Technology advances will turn future battlefields into a mass of sensors giving troops up to the minute information on the enemy, experts said Monday. “We are talking about a battlefield that literally talks to the soldiers, within the next 20 years,” said Maj. Charles Heyman, editor of Jane’s World Armies.

HEYMAN, A SOLDIER for 23 years and now a military analyst, was speaking at the Future Weaponry Conference at the Royal United Services Institute think-tank.
He said the problem for both front-line troops and army commanders throughout the ages had been getting accurate and timely information about the enemy.
Even in the latest war in Iraq, when American commanders had been able to track their forces with pinpoint accuracy and had Predator drones in the sky, they had in many cases been ignorant of what lay in front.
“I am hearing reports from Iraq saying that knowing what was happening six hours ago was interesting, but what forward commanders really need is information about what the enemy is actually doing now,” Heyman said.
The answer, he said, lay in spreading hundreds of tiny sensors across the enemy’s positions that would send out constant sound, visual and electronic intelligence.
The sensors, which need be no bigger than a matchbox and can be disguised to resemble small rocks, can operate for a long time using digital communications in bursts to make them impossible to detect, Heyman added.

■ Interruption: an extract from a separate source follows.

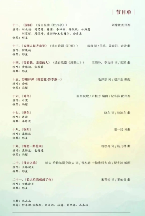 22年10月参加《来自丝绸之路上的音乐之美》《民族歌剧民族魂》系列音乐党课;11月参加“中国歌剧经典片段”音乐会。

Some might even be able to fly short distances to visually verify information picked up from other bugs.
Others took a different view.
“This is the tail wagging the dog,” said Wing Commander Rich Luck of the UK Ministry of Defense. “You need to completely rethink command and control then develop the technology, not let the technology drive the change.”
Defense analyst David Stuples observed that forward units could not possibly digest all the raw information and would in effect be turned into little freelance armies operating alone.
But all agreed that the technology was coming and noted its potential use in monitoring sensitive border areas such as between India and Pakistan or tracking terror groups.